In the operation of the invention, the operator may need to trip out BHA 31 from the position of Figure 5 to replace components such as drill bit 35. The tripping can be performed by several means, including lowering a work string, such drill pipe or a wireline, through casing string 47 to engage the upper end of BHA 31. Alternately, BHA 31 could be pumped upward by reverse circulation of drilling fluid. Latch 43 may be released by the work string or by pumping down a release tool. BHA 31 brings along with it drill bit 35 as it moves to the surface while load shoulder 21 remains in place. When lowering BHA 31 back into casing string 47, profile 37 on BHA 31 will land on load shoulder 21. Normally, it will not be properly aligned or oriented with load shoulder 21. However, the helical portions 29 and 41 will slide against one another, causing BHA 31 to rotate until the axial load transfer portions 41 are aligned. BHA 31 will then slide downward into full makeup as illustrated in Figures 2 and 5. Load shoulder 21 will support the weight of BHA 31 until drill bit 35 engages the bottom of borehole 57. The operator then causes top drive 51 to rotate casing string 47. Torque will be transferred from casing string 47 through load shoulder torque transfer portion 23 to BHA torque transfer portion 39. The torque is thus imparted to the BHA lower portion 33 and drill bit 35. Figure 6 illustrates another embodiment of a load shoulder that will transmit torque. In this embodiment, a sleeve 61 is mounted on a no-go shoulder 63 in a bore 65 of tubular member 67. Sleeve 61 may be fixed in place by a variety of means, including a weld 68. Sleeve 61 rotates with tubular member 67 and is prevented from axial movement relative to tubular member 67. Sleeve 61 has a load shoulder that has a saw-tooth configuration with peaks and valleys forming teeth. The flanks between the valleys and peaks serve as torque transfer portions 69. The valleys serve as axial load transfer portions 71. In this example, the triangular shape of each tooth is equilateral, thus torque may be transmitted both in clockwise and counterclockwise directions. Half of the torque transfer portions 69 face generally into one direction of rotation and the other half face generally in the opposite direction. As in the first embodiment, rather than a separate sleeve 61 , the torque transfer portions 69 and axial load transfer portions 70 could be formed by directly machining bore 65.

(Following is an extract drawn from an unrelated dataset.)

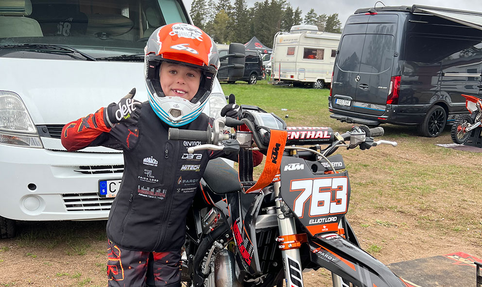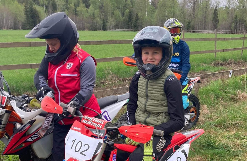 Hur blir tävlingssäsongen 2021? – Det är nytt år och ny säsong. Vi hoppas att restriktionerna släpps något, så vi får köra mer och tävla också förstås. Vår sport kan faktiskt utövas rätt bra ändå, då vi håller naturligt avstånd och har ingen närkontakt med varandra. Eftersom själva tävlingssäsongen uteblivit mer eller mindre har vi tränat mycket i stället. Vi har hyrt in Per Larsen som jobbar som motocrosstränare. Under november och december har vi legat lite lägre dock. Eftersom vår sport är skadetyngd har vi nästan helt valt att lägga hjälmen på hyllan för att inte belasta sjukvården, som vi har stor respekt för, mer än nödvändigt. Under de senaste månaderna har det varit lätträknade minutrar på motorcykeln.

The BHA (not shown) for the embodiment of Figure 6 will have an identical sawtooth profile. The inclined torque transfer portions 69 will transfer torque to the BHA even though not parallel to the axis of tubular member 67 because the BHA will have a latch that prevents upward movement of the BHA relative to sleeve 61.

In the example of Figure 7, the sleeve 73 is fastened on a no-go shoulder 75 formed in a bore 77 of a tubular member 79. As in the other embodiments, a weld 81 illustrates one method of attaching sleeve 73 so that it will rotate in unison with tubular member 79. The load shoulder of sleeve 73 also has a sawtooth shape, but the flanks or torque transfer portions 83 are straight edges that are parallel with axis 85. The opposite flank of each tooth is inclined, forming an isosceles triangle shape for each tooth. The axial load transfer portions 87 comprise the base or lower terminus of each torque transfer portion 83. The various embodiments disclose load shoulders that not only support the weight of a tool being lowered into a well bore, but also will transmit torque between the tool and the tubular member.

While the invention has been shown in only a few of its forms, it should be apparent to those skilled in the art that it is not so limited but it is susceptible to various changes without departing from the scope of the invention.